3 En hij goot voor dezelve vier gouden ringen, aan haar vier hoeken, alzo dat twee ringen op derzelver ene zijde waren, en twee ringen op haar andere zijde.
Sodann goß er für sie vier goldene Ringe für ihre vier Füße, und zwar zwei Ringe auf ihrer einen Seite und zwei Ringe auf ihrer anderen Seite.
4 En hij maakte handbomen van sittimhout, en hij overtrok ze met goud.
Sodann fertigte er Stangen aus Akazienholz und überzog sie mit Gold;
5 En hij stak de handbomen in de ringen, aan de zijden der ark, om de ark te dragen.
diese Stangen zog er durch die Ringe an den Seiten der Lade, so daß man die Lade tragen konnte.

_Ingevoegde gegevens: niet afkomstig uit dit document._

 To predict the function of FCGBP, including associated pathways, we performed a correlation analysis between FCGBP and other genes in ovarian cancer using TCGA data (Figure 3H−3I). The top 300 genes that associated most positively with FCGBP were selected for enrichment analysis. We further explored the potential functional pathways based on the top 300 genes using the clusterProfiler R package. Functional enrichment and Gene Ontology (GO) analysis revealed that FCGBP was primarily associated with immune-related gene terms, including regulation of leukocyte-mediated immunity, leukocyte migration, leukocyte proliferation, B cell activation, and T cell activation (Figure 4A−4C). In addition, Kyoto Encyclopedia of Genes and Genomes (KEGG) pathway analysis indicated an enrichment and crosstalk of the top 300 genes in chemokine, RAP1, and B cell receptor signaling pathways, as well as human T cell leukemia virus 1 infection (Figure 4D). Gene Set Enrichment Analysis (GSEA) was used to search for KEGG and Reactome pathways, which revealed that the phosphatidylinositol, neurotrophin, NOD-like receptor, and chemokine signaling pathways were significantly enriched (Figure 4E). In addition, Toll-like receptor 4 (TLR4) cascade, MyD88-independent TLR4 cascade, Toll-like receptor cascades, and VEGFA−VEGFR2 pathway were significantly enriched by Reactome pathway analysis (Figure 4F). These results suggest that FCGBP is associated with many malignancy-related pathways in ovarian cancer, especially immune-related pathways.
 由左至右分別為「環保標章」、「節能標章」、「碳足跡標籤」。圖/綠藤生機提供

6 Hij maakte ook een verzoendeksel van louter goud; twee ellen en een halve was deszelfs lengte, en anderhalve el deszelfs breedte.
Sodann fertigte er eine Deckplatte aus gediegenem Gold an, zwei und eine halbe Elle lang und anderthalbe Elle breit.

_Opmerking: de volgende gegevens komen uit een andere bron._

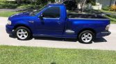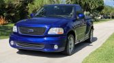 This 2004 Ford F-150 SVT Lightning is powered by a supercharged 5.4-liter Triton V8 paired with a four-speed automatic transmission and a Traction-Lok differential and is one of 596 examples finished in Sonic Blue for the model year. The truck was sold new in Canada and remained there until it was acquired by the seller and imported to the US in 2018. Features include gray and black Alcantara and leather upholstery, 18″ wheels, side-exit exhaust, a tonneau…

7 Ook maakte hij twee cherubim van goud; van dicht werk maakte hij ze, uit de beide einden des verzoendeksels.
Auch fertigte er zwei Kerube aus Gold an; in getriebener Arbeit verfertigte er sie an den beiden Enden der Deckplatte,
8 Een cherub uit het ene einde aan deze zijde, en den anderen cherub uit het andere einde aan gene zijde; uit het verzoendeksel maakte hij de cherubim, uit deszelfs beide einden.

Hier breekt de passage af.